MATERIALS AND METHODS


Study Animals
Three black-capped chickadees from the same population, and probably the same social
group, were captured using potter traps at Queens University Biological Station (Elgin,
Ontario) in September 2013. Each bird was banded a colour band, and named B, G, and W,
the colours of their bands. They were brought to and housed in the Animal Care Facilities at
Queens University (Kingston, ON). All three individuals were placed into their own
individual cages, with all three cages were kept in a temperature-controlled room with a
stable room temperature of about 20oC and dimensions of 3.66 m x 3.66 m. The room was
also light-controlled and was set to reflect the chickadees natural light-dark cycle.

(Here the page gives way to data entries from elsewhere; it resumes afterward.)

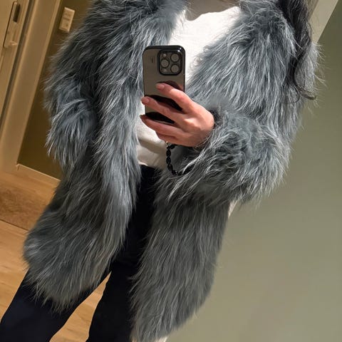 Saueskinnspels fra ravn i nydelig dusty blå farge. 100% knitted curly lamb. I størrelse 34. Pent brukt. Veldig god og varm 🥰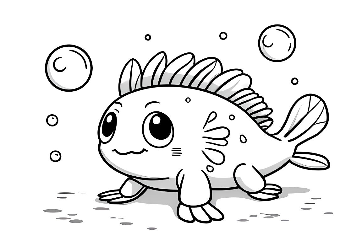 A simple and adorable illustration of a baby axolotl learning to walk. Perfect for the youngest children's first coloring experience with large, easy-to-color shapes.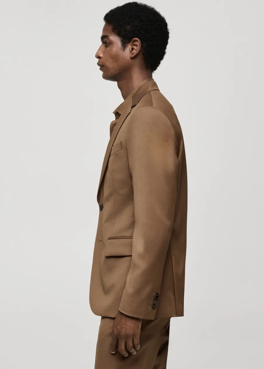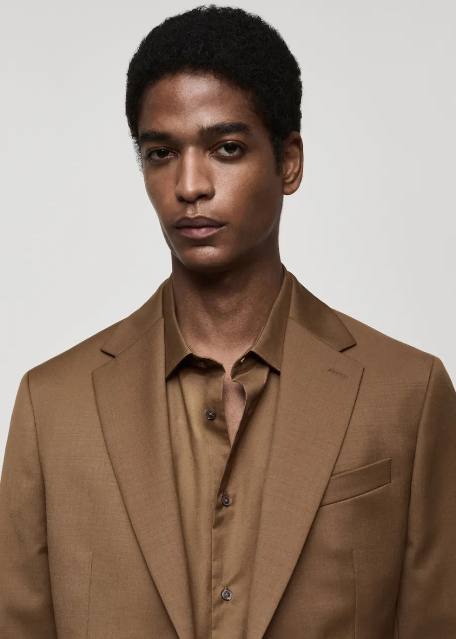 ESSENTIALS: Made to last. Tkanina z 100% wełny dziewiczej. Slim-fit. Kołnierz z klapami. Kieszeń wpuszczana na piersi. Dwie kieszenie z patką. Wewnętrzna kieszeń. Wewnętrzna podszewka. Prosty dół z rozcięciami po bokach. Model ma 190 cm wzrostu i nosi rozmiar 50. Zapięcie na guziki z przodu. Długi rękaw z zapięciem na guziki.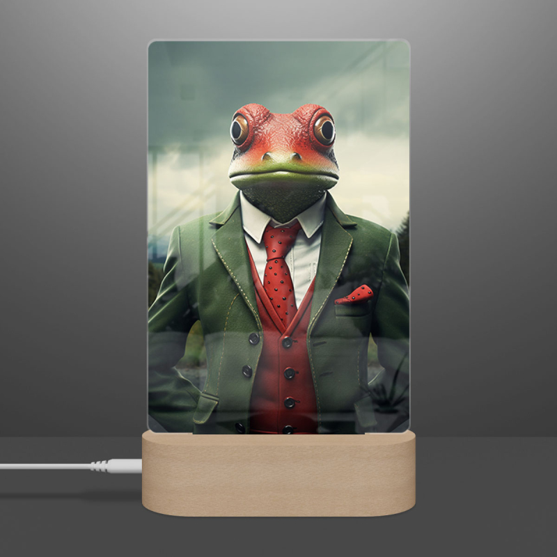 Lampa žába v obleku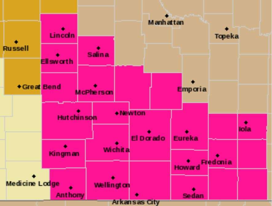 The National Weather Service office in Wichita has issued a Red Flag Warning. The warning is in effect from noon today to 5 p.m. this afternoon for extreme grassland fire danger.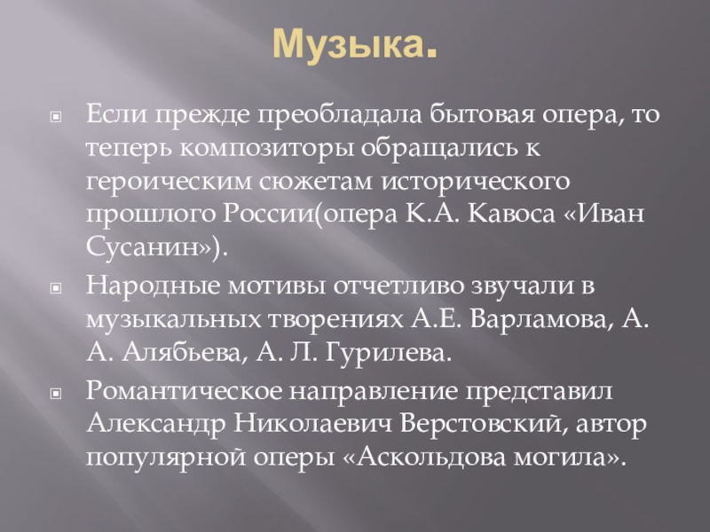 Романтическое направление представил Александр Николаевич Верстовский, автор популярной оперы «Аскольдова могила».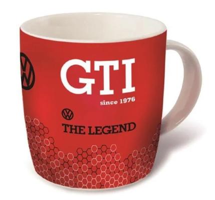 Tasse à café, avec anse, décorée du logo Golf GTI de la marque VW Volkswagen sur fond rouge.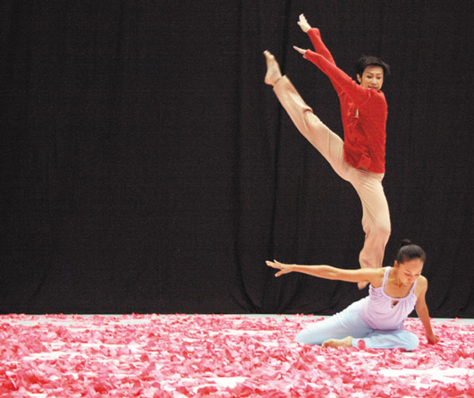 農(nóng)歷大年初五一場大火,燒掉云門舞集的家,浴火后云門再度出發(fā),昨天在數(shù)萬片花瓣圍繞下舞新作“花語”。藝術(shù)總監(jiān)林懷民說,人生有不同風(fēng)景,不見得都是美麗的,“花語”不只有漂亮的花瓣,還有不斷擾人的風(fēng)扇聲,吹動著花瓣隨處飄飛,這風(fēng)是人生的風(fēng),不知不覺吹白了頭。(臺灣《聯(lián)合報》圖)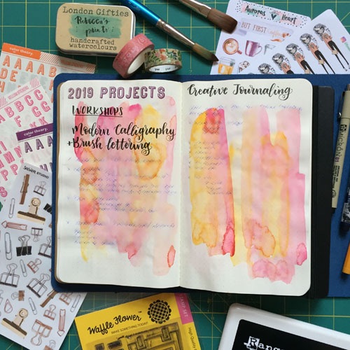 Then I have my “2019 Projects” page, this is where I expand those “goals” from the looking forward page. The one thing I really want to work on in 2019 is workshops – I’ve been offered the opportunity to run a modern calligraphy / brush lettering course up here in Northumberland and I’m really excited by the idea. I’d also love to do a creative journaling workshop to help inspire others to journal more, because journaling is just such a huge part of my life, I am very passionate about it!!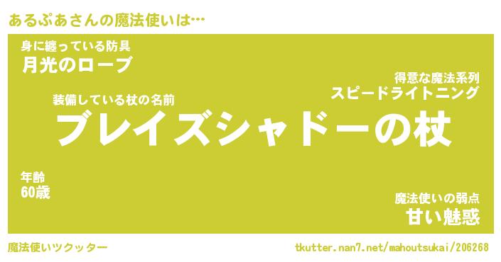 | 男性向けラノベタイトル風あだ名 | 『あるぷあの憂鬱』 |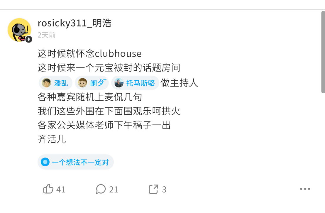 元宝春节红包被微信封发生在2月4号,当天我发了条即刻: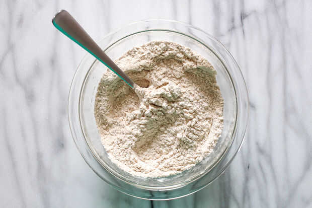 Mezclar la harina, sal, polvo de hornear y especias juntos en un tazón pequeño.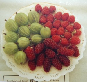 I then remembered that my mother used to win baskets of fruit at the local whist drives when I was a child. She would invariably come home with either a bottle of sweet sherry or more often a wonderful exotic basket of fruit. Well the basket was exotic, a large straw affair – what I now call a “lady basket” – which had to be given back the next week; it was always tied with a ribbon on the handle and the various fruits culled from village gardens were made valuable by the beautiful presentation –  a proper prize.
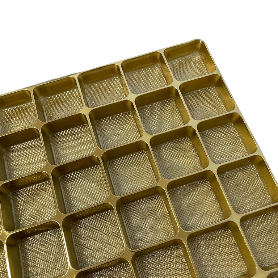 Placa Berço Premium para doces, com 54 cavidades, na cor ouro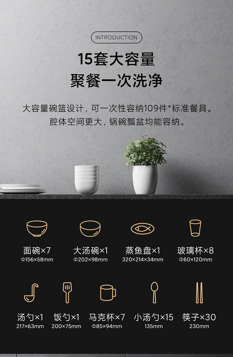 • Mijia 스마트 독립형 이중 목적 식기세척기 15세트 S1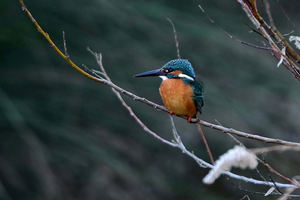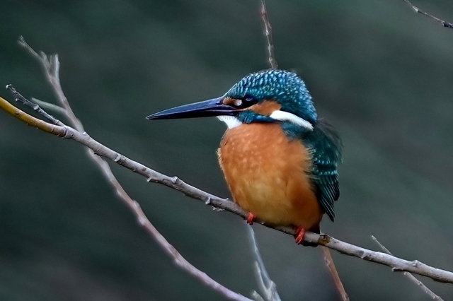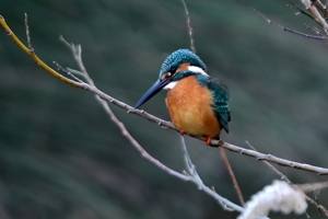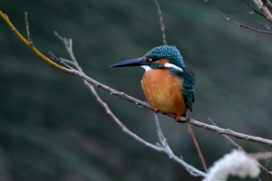 | 寒気が流入してきて冷たい強風の吹く、夕方の員弁川。 16時過ぎにカワセミがあらわれて、手前岸の見えないところや 樹木の陰になるところで、しきりに飛び込みなどの活動。 16時20分、ようやく見えるところに留まったカワセミは、雲から ほんのわずかに漏れる陽光を受けて、とても美しい色合いです。 強風(画面の右奥から)を受けて羽毛がまきあげられています。 |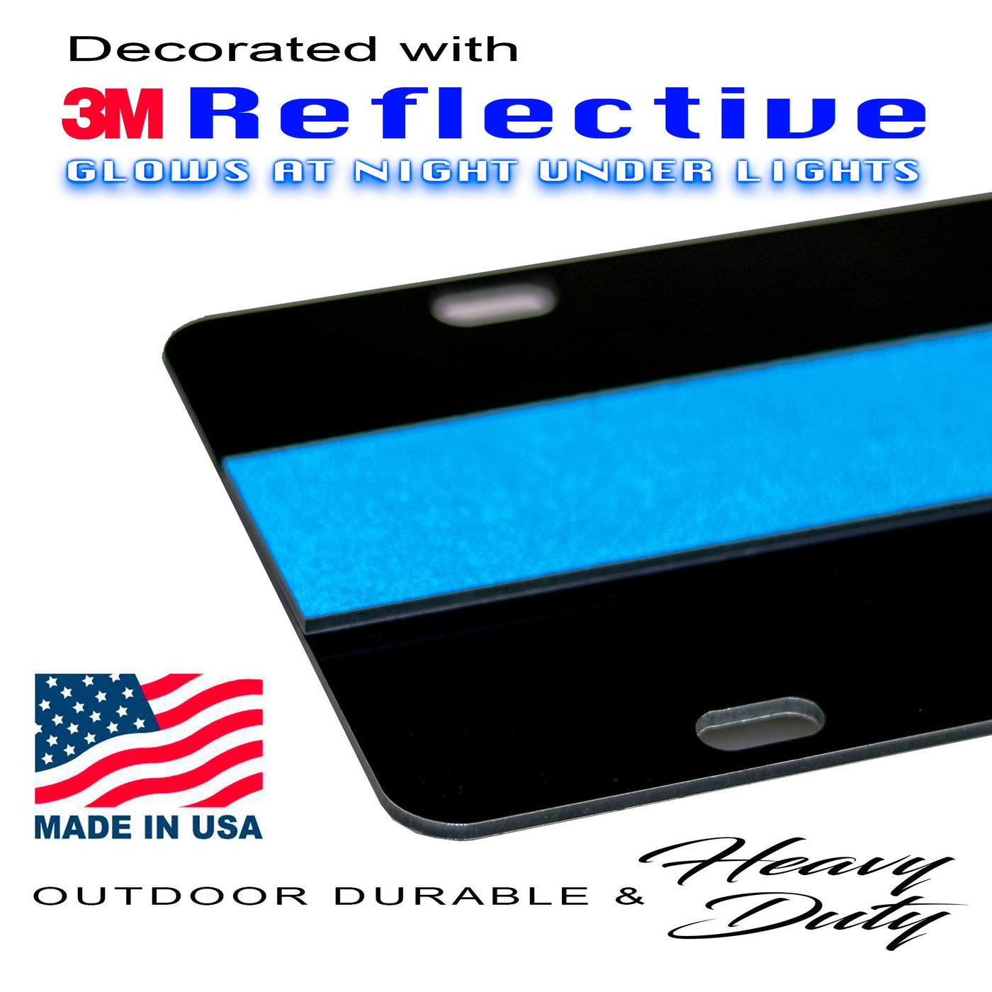 Reflective thin blue line police officer license plate is extremely heavy duty, fabricated out of an aluminum composite material, and decorated with top of the line 3M Reflective Vinyl for years and years of outdoor use. We handcraft these license plates to perfection! Made in the USA and ships fast from our Eastman Georgia facility.

Each
cage was provided with 3 perches, a cuttlebone, and a UV lamp. Their cages were prepared
with vegetation clipped around and inside the sides. Each cage was of dimensions 0.45m x
0.45m x 1m. Cages were cleaned and replaced once a week. Chickadees were fed once each
morning. Their food was mixed using a coffee blender, in a ratio of 1 part of sunflower
seeds, 1 part Mazuri small bird seed, and 2 part peanuts. One scoop of bird seed was
placed over top the mixture. Birds were fed 1 tablespoon of this mixture daily. Birds were
also supplied with 3 clean bowls of water to bathe and drink every morning.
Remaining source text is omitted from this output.